Task prompt: Could you repeat, exactly and with no pictures, only the lines from the start of the records through the line containing "Esposizione 1884 Antica"?

Data to use:
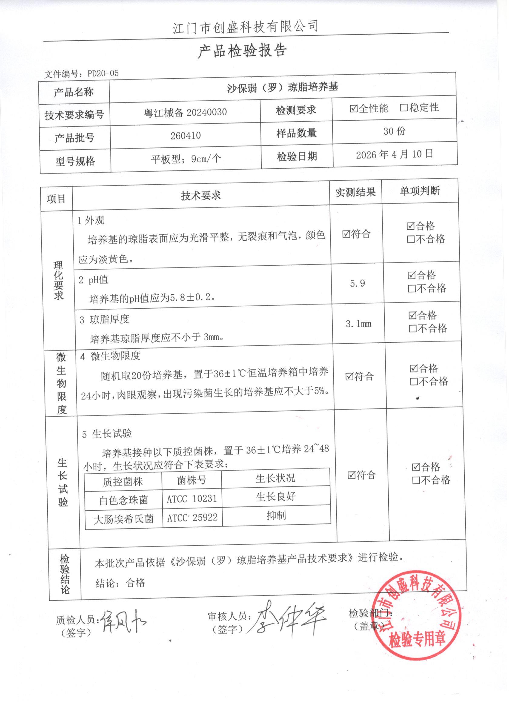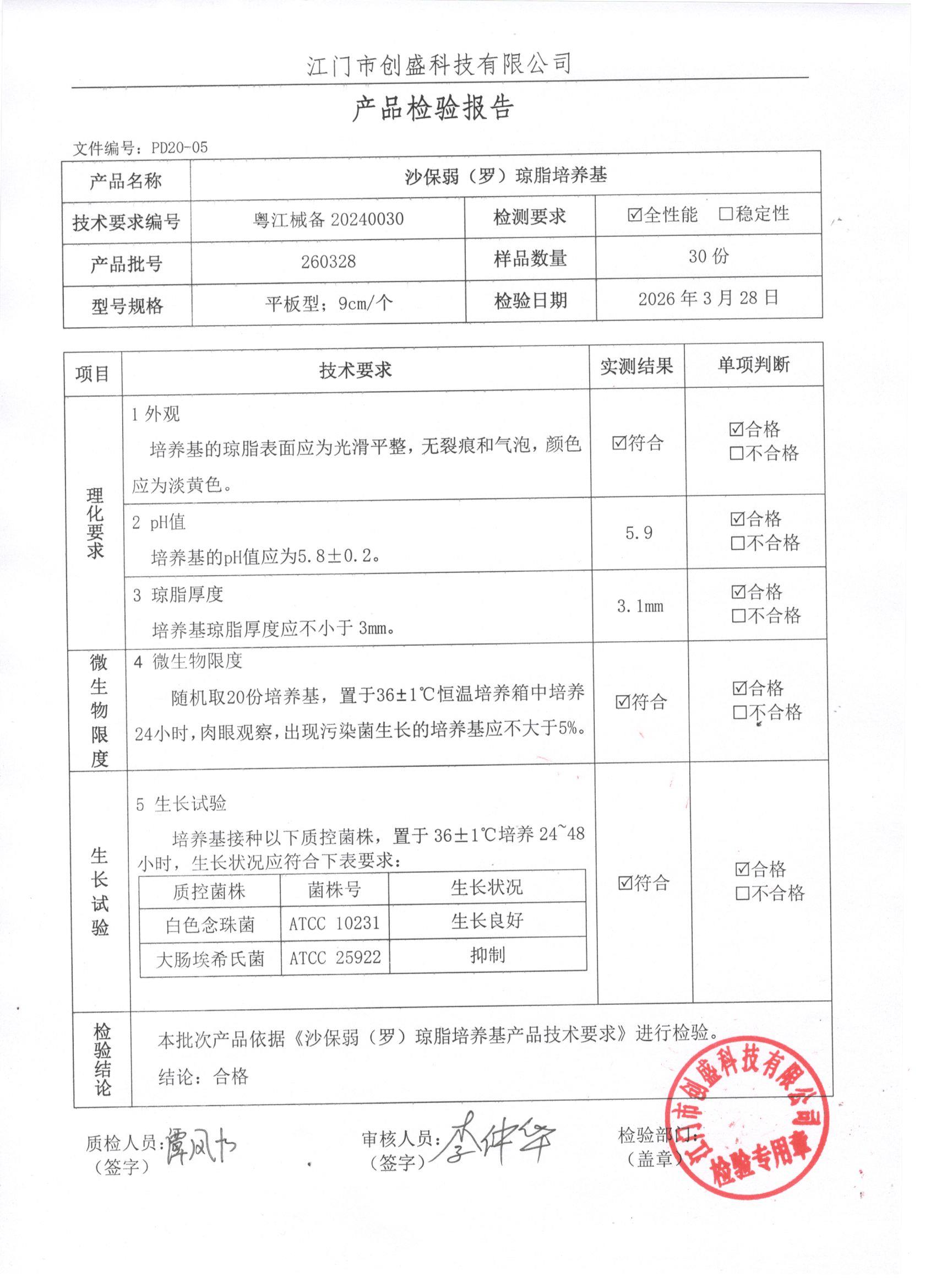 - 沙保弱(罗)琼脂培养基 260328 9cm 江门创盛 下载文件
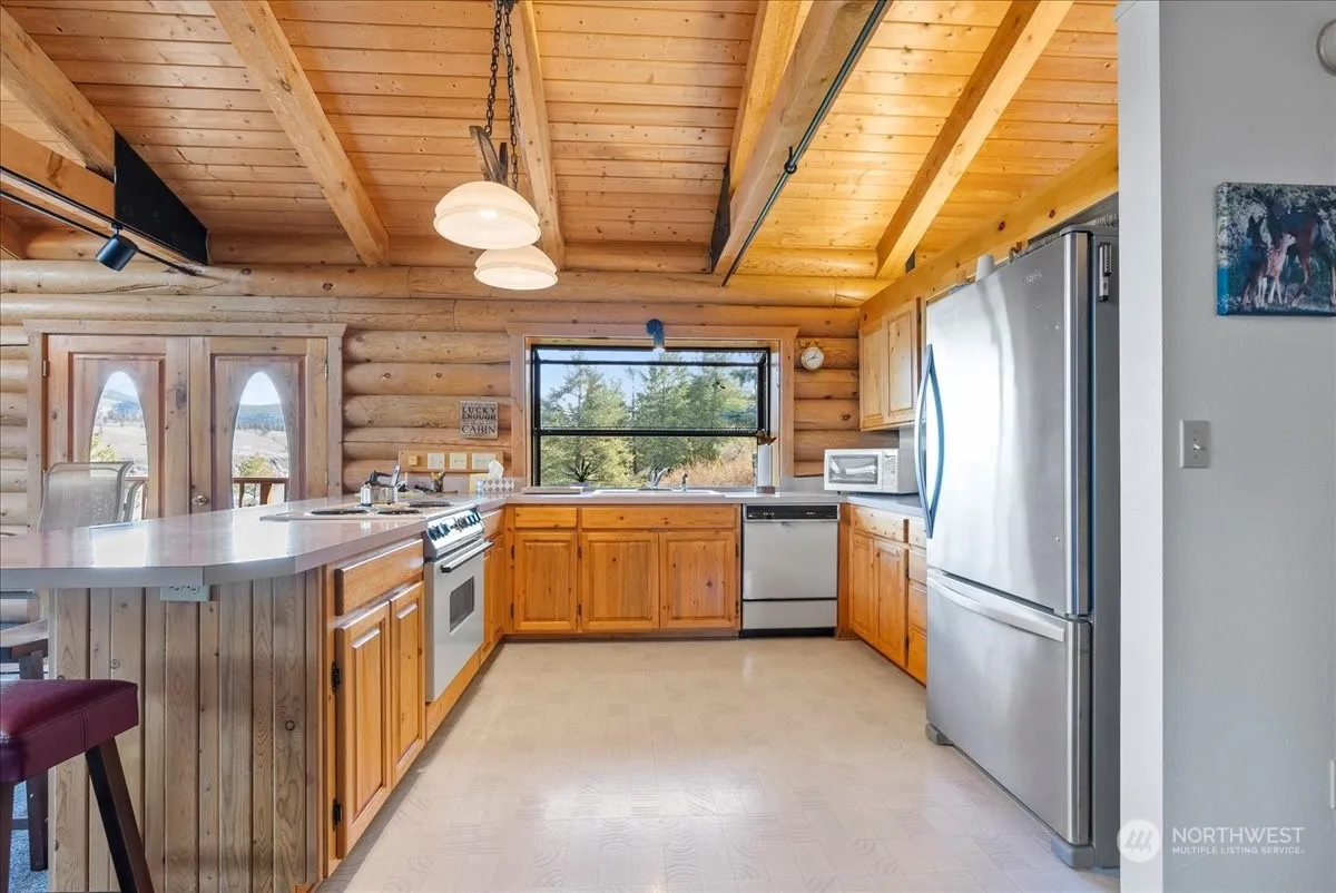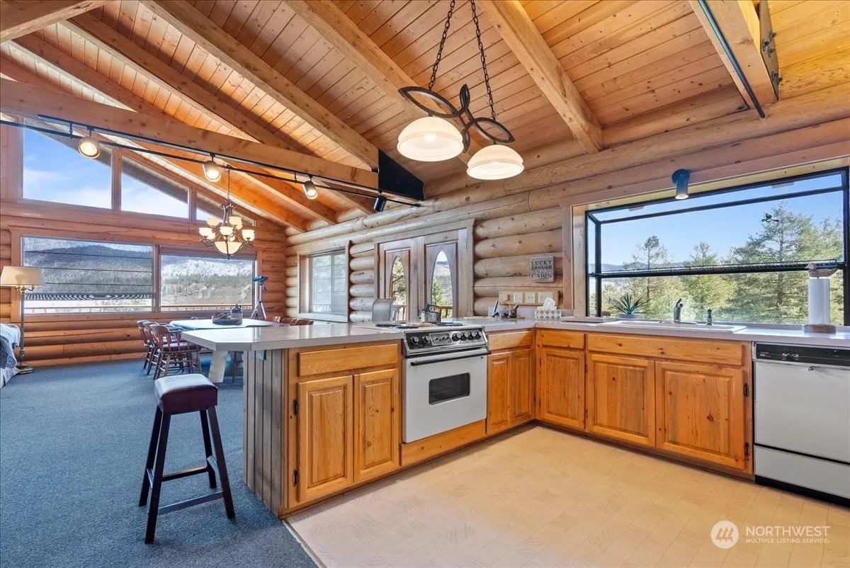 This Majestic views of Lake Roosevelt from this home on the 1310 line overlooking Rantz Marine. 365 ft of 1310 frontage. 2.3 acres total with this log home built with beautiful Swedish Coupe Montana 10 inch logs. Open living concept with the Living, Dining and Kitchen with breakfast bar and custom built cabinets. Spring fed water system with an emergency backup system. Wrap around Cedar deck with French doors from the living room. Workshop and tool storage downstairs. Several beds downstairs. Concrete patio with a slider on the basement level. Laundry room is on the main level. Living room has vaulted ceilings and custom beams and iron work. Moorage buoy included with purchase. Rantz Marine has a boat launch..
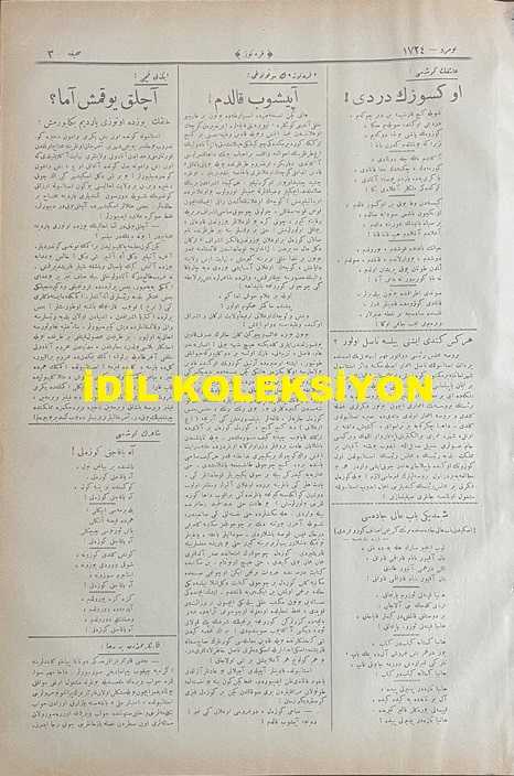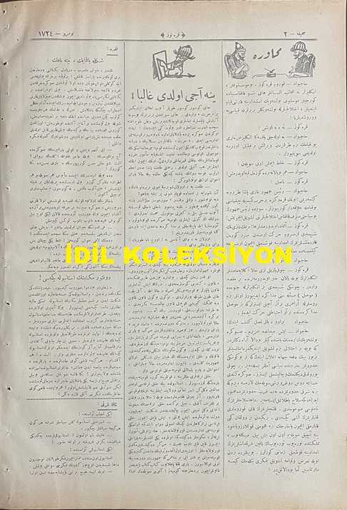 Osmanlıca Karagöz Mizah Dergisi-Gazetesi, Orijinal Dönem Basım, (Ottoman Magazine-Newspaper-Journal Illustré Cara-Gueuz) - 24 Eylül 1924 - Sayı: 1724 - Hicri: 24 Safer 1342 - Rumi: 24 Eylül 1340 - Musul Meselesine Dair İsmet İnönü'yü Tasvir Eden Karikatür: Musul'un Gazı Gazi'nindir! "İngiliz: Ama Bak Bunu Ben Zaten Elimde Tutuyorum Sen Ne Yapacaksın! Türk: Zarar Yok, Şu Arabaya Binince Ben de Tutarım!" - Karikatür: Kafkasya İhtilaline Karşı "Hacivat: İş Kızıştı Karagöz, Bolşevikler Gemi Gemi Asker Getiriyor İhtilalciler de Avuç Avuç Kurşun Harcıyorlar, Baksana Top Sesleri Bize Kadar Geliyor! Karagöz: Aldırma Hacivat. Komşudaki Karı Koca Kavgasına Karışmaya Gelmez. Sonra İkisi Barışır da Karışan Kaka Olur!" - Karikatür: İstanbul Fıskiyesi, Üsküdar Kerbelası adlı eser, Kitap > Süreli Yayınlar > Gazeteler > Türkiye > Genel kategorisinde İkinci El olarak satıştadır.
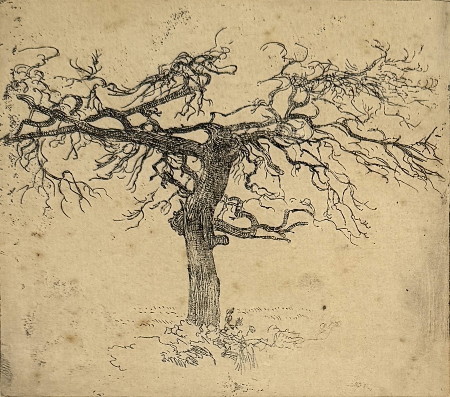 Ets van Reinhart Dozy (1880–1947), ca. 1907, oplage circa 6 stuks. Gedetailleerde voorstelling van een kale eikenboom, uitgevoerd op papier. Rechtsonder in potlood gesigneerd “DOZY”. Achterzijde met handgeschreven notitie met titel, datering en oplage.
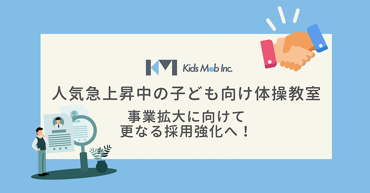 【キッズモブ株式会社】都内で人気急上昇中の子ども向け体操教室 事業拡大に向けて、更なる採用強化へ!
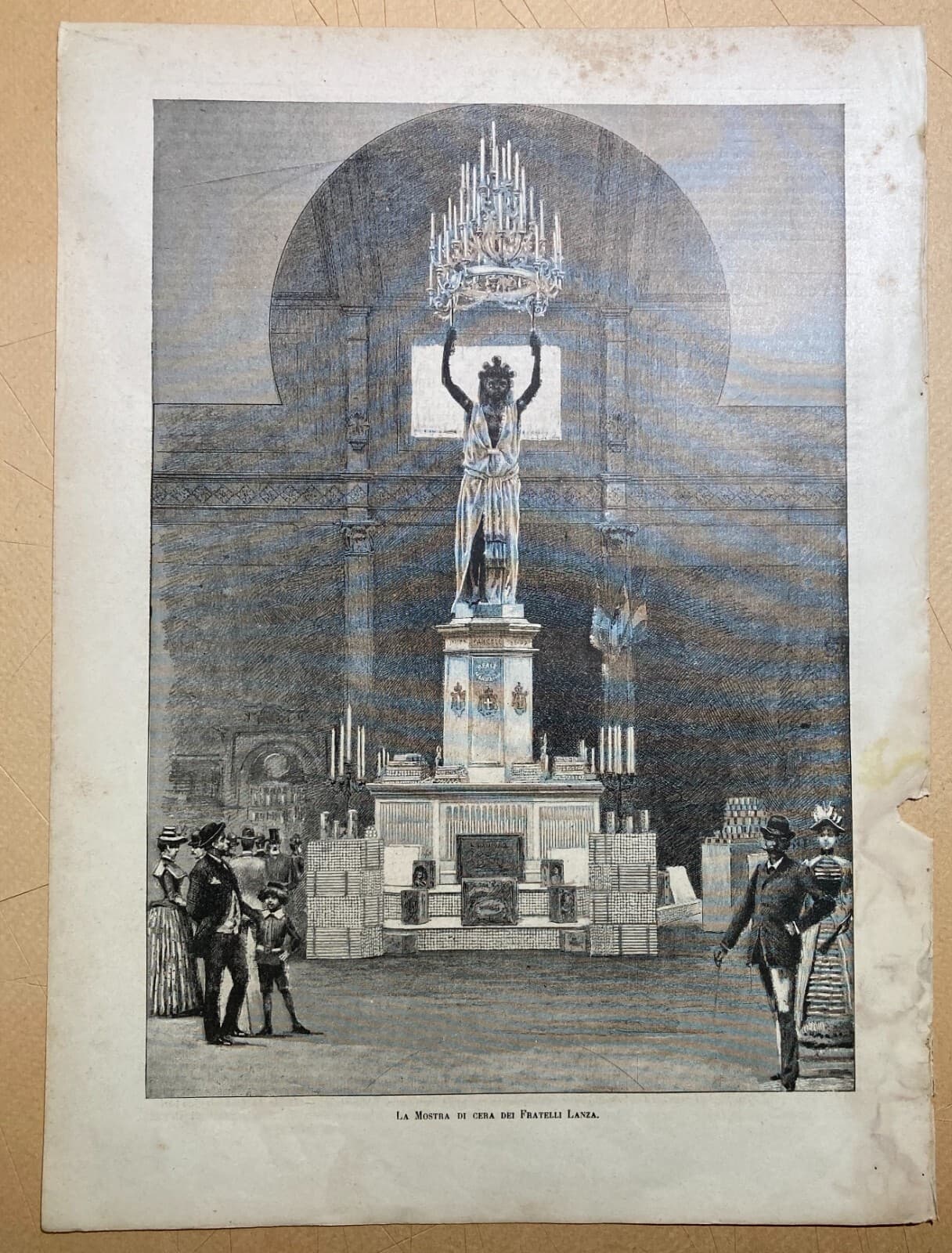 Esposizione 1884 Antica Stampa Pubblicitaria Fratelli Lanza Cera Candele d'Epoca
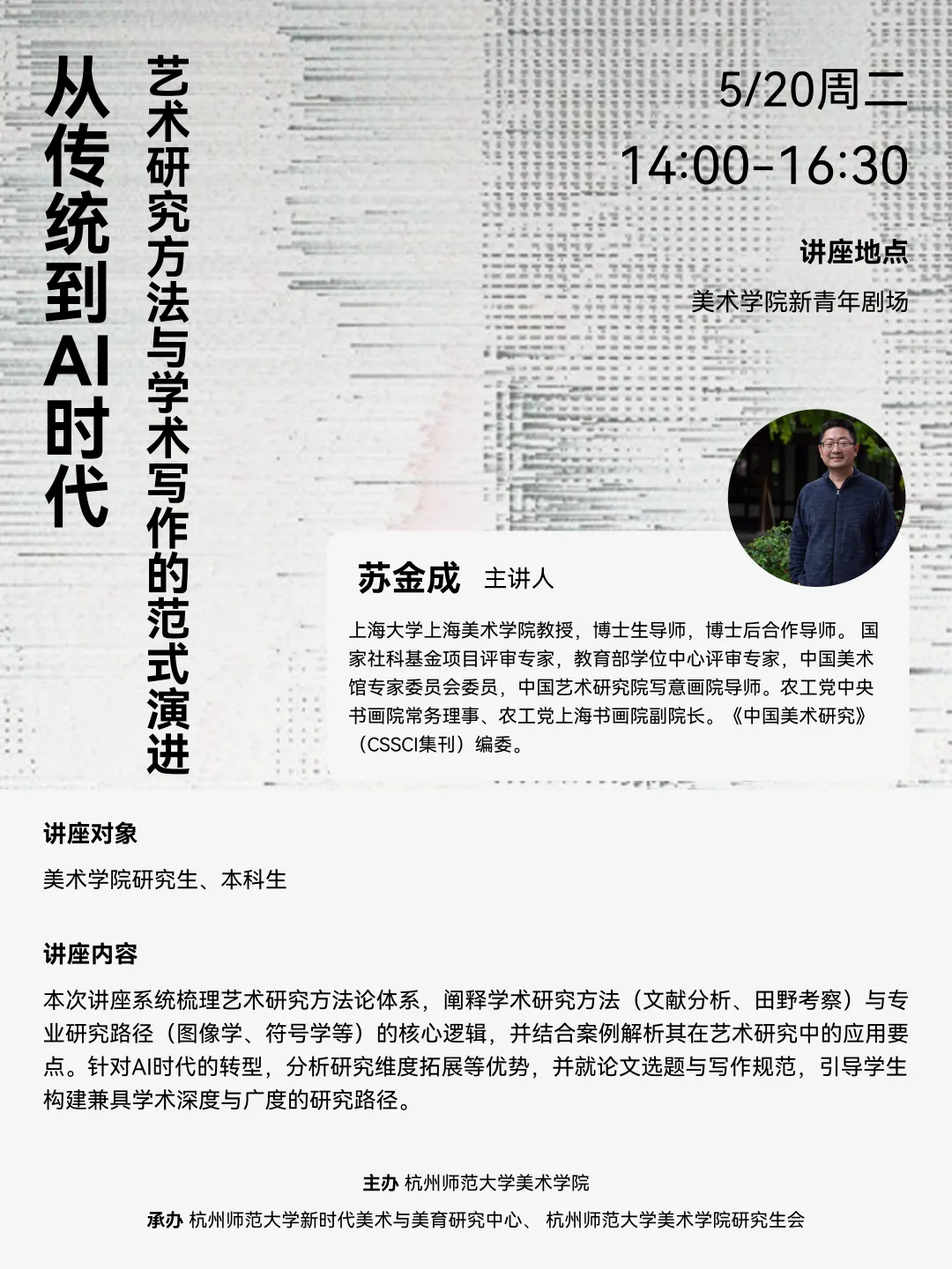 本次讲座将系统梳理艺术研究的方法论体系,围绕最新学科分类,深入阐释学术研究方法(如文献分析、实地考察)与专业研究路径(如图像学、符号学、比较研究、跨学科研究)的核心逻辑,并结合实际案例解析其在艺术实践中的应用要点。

Your response:
 - 沙保弱(罗)琼脂培养基 260328 9cm 江门创盛 下载文件
 This Majestic views of Lake Roosevelt from this home on the 1310 line overlooking Rantz Marine. 365 ft of 1310 frontage. 2.3 acres total with this log home built with beautiful Swedish Coupe Montana 10 inch logs. Open living concept with the Living, Dining and Kitchen with breakfast bar and custom built cabinets. Spring fed water system with an emergency backup system. Wrap around Cedar deck with French doors from the living room. Workshop and tool storage downstairs. Several beds downstairs. Concrete patio with a slider on the basement level. Laundry room is on the main level. Living room has vaulted ceilings and custom beams and iron work. Moorage buoy included with purchase. Rantz Marine has a boat launch..
 Osmanlıca Karagöz Mizah Dergisi-Gazetesi, Orijinal Dönem Basım, (Ottoman Magazine-Newspaper-Journal Illustré Cara-Gueuz) - 24 Eylül 1924 - Sayı: 1724 - Hicri: 24 Safer 1342 - Rumi: 24 Eylül 1340 - Musul Meselesine Dair İsmet İnönü'yü Tasvir Eden Karikatür: Musul'un Gazı Gazi'nindir! "İngiliz: Ama Bak Bunu Ben Zaten Elimde Tutuyorum Sen Ne Yapacaksın! Türk: Zarar Yok, Şu Arabaya Binince Ben de Tutarım!" - Karikatür: Kafkasya İhtilaline Karşı "Hacivat: İş Kızıştı Karagöz, Bolşevikler Gemi Gemi Asker Getiriyor İhtilalciler de Avuç Avuç Kurşun Harcıyorlar, Baksana Top Sesleri Bize Kadar Geliyor! Karagöz: Aldırma Hacivat. Komşudaki Karı Koca Kavgasına Karışmaya Gelmez. Sonra İkisi Barışır da Karışan Kaka Olur!" - Karikatür: İstanbul Fıskiyesi, Üsküdar Kerbelası adlı eser, Kitap > Süreli Yayınlar > Gazeteler > Türkiye > Genel kategorisinde İkinci El olarak satıştadır.
 Ets van Reinhart Dozy (1880–1947), ca. 1907, oplage circa 6 stuks. Gedetailleerde voorstelling van een kale eikenboom, uitgevoerd op papier. Rechtsonder in potlood gesigneerd “DOZY”. Achterzijde met handgeschreven notitie met titel, datering en oplage.
 【キッズモブ株式会社】都内で人気急上昇中の子ども向け体操教室 事業拡大に向けて、更なる採用強化へ!
 Esposizione 1884 Antica Stampa Pubblicitaria Fratelli Lanza Cera Candele d'Epoca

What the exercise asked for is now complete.